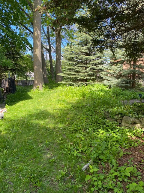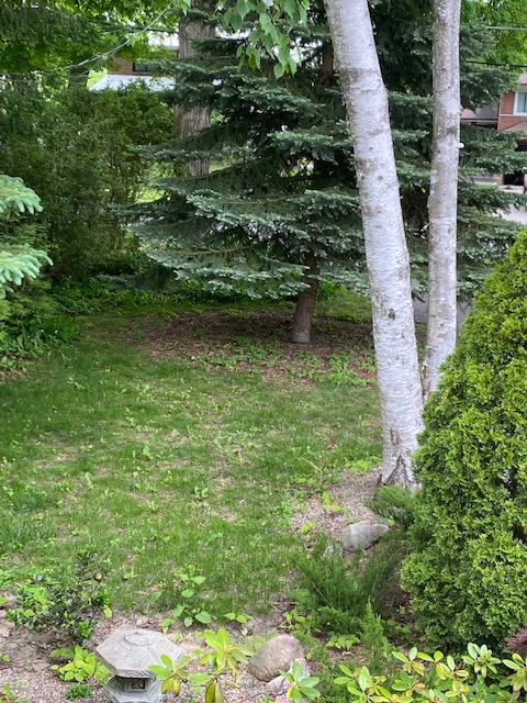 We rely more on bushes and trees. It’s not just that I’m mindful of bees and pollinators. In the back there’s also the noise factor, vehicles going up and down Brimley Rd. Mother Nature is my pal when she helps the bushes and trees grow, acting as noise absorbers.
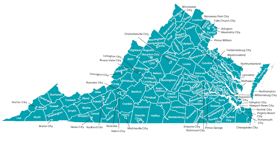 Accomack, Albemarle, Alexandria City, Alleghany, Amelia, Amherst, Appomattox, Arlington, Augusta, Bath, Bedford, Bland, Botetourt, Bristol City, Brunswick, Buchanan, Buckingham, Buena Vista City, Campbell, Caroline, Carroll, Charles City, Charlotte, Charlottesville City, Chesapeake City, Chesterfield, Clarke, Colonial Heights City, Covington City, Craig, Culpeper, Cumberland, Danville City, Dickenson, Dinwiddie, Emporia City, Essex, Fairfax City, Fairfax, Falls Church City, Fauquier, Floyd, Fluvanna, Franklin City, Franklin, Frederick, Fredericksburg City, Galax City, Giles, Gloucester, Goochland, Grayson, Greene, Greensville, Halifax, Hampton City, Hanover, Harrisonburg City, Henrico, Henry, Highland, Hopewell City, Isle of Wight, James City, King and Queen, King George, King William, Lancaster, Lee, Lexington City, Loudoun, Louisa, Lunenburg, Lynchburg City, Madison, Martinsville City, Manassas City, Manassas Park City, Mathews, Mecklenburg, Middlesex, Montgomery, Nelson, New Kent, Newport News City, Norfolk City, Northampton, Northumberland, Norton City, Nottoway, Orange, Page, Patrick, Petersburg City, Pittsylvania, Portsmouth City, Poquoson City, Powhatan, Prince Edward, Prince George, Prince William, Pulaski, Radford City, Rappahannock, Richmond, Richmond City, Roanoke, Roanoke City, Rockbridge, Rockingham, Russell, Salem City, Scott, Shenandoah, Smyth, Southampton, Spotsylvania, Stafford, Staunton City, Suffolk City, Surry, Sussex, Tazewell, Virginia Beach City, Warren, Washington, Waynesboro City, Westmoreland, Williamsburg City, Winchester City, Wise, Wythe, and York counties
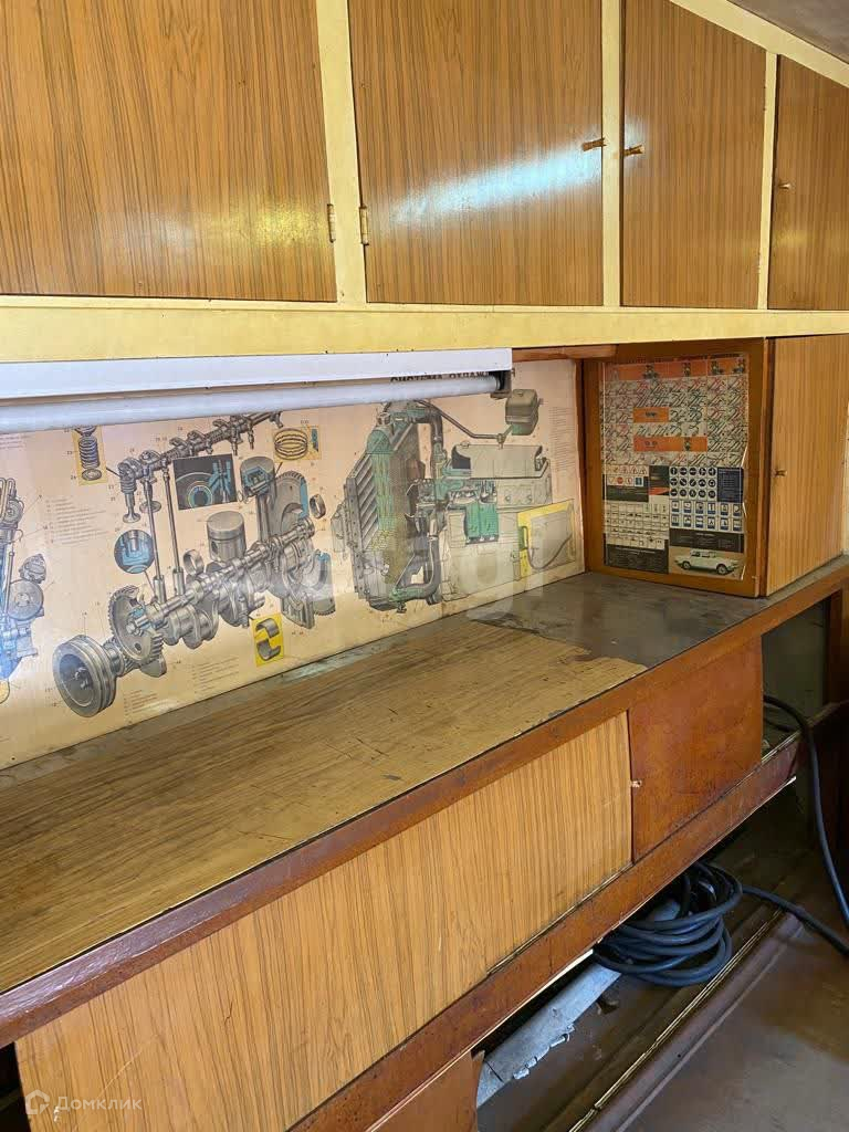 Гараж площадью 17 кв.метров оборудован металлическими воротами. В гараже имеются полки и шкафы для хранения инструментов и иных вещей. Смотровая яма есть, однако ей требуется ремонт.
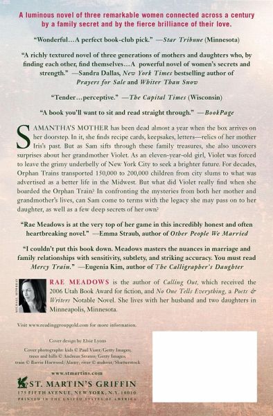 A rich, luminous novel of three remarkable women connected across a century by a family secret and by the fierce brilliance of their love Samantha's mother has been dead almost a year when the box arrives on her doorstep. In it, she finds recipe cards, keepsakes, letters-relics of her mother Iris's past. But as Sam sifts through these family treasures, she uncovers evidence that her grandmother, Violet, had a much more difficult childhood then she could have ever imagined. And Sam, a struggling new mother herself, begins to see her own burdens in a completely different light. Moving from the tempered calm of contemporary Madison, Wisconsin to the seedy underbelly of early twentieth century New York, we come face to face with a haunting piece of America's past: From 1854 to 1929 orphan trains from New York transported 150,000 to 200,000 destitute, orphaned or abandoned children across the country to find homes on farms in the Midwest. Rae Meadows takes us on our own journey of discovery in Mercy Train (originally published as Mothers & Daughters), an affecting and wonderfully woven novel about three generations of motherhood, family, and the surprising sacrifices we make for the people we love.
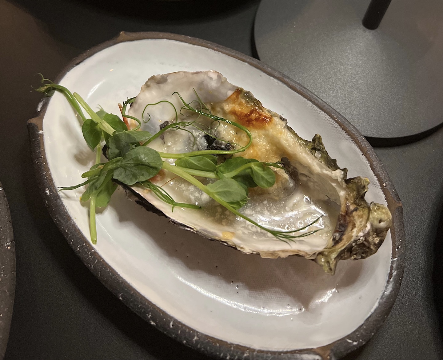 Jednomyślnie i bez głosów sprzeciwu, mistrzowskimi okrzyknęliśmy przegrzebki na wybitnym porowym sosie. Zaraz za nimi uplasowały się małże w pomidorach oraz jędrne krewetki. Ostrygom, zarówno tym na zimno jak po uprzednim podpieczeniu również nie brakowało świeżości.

+ + + + + + +

Please return the listing above exactly and leave every picture out.

**Solution to the exercise:**
 We rely more on bushes and trees. It’s not just that I’m mindful of bees and pollinators. In the back there’s also the noise factor, vehicles going up and down Brimley Rd. Mother Nature is my pal when she helps the bushes and trees grow, acting as noise absorbers.
 Accomack, Albemarle, Alexandria City, Alleghany, Amelia, Amherst, Appomattox, Arlington, Augusta, Bath, Bedford, Bland, Botetourt, Bristol City, Brunswick, Buchanan, Buckingham, Buena Vista City, Campbell, Caroline, Carroll, Charles City, Charlotte, Charlottesville City, Chesapeake City, Chesterfield, Clarke, Colonial Heights City, Covington City, Craig, Culpeper, Cumberland, Danville City, Dickenson, Dinwiddie, Emporia City, Essex, Fairfax City, Fairfax, Falls Church City, Fauquier, Floyd, Fluvanna, Franklin City, Franklin, Frederick, Fredericksburg City, Galax City, Giles, Gloucester, Goochland, Grayson, Greene, Greensville, Halifax, Hampton City, Hanover, Harrisonburg City, Henrico, Henry, Highland, Hopewell City, Isle of Wight, James City, King and Queen, King George, King William, Lancaster, Lee, Lexington City, Loudoun, Louisa, Lunenburg, Lynchburg City, Madison, Martinsville City, Manassas City, Manassas Park City, Mathews, Mecklenburg, Middlesex, Montgomery, Nelson, New Kent, Newport News City, Norfolk City, Northampton, Northumberland, Norton City, Nottoway, Orange, Page, Patrick, Petersburg City, Pittsylvania, Portsmouth City, Poquoson City, Powhatan, Prince Edward, Prince George, Prince William, Pulaski, Radford City, Rappahannock, Richmond, Richmond City, Roanoke, Roanoke City, Rockbridge, Rockingham, Russell, Salem City, Scott, Shenandoah, Smyth, Southampton, Spotsylvania, Stafford, Staunton City, Suffolk City, Surry, Sussex, Tazewell, Virginia Beach City, Warren, Washington, Waynesboro City, Westmoreland, Williamsburg City, Winchester City, Wise, Wythe, and York counties
 Гараж площадью 17 кв.метров оборудован металлическими воротами. В гараже имеются полки и шкафы для хранения инструментов и иных вещей. Смотровая яма есть, однако ей требуется ремонт.
 A rich, luminous novel of three remarkable women connected across a century by a family secret and by the fierce brilliance of their love Samantha's mother has been dead almost a year when the box arrives on her doorstep. In it, she finds recipe cards, keepsakes, letters-relics of her mother Iris's past. But as Sam sifts through these family treasures, she uncovers evidence that her grandmother, Violet, had a much more difficult childhood then she could have ever imagined. And Sam, a struggling new mother herself, begins to see her own burdens in a completely different light. Moving from the tempered calm of contemporary Madison, Wisconsin to the seedy underbelly of early twentieth century New York, we come face to face with a haunting piece of America's past: From 1854 to 1929 orphan trains from New York transported 150,000 to 200,000 destitute, orphaned or abandoned children across the country to find homes on farms in the Midwest. Rae Meadows takes us on our own journey of discovery in Mercy Train (originally published as Mothers & Daughters), an affecting and wonderfully woven novel about three generations of motherhood, family, and the surprising sacrifices we make for the people we love.
 Jednomyślnie i bez głosów sprzeciwu, mistrzowskimi okrzyknęliśmy przegrzebki na wybitnym porowym sosie. Zaraz za nimi uplasowały się małże w pomidorach oraz jędrne krewetki. Ostrygom, zarówno tym na zimno jak po uprzednim podpieczeniu również nie brakowało świeżości.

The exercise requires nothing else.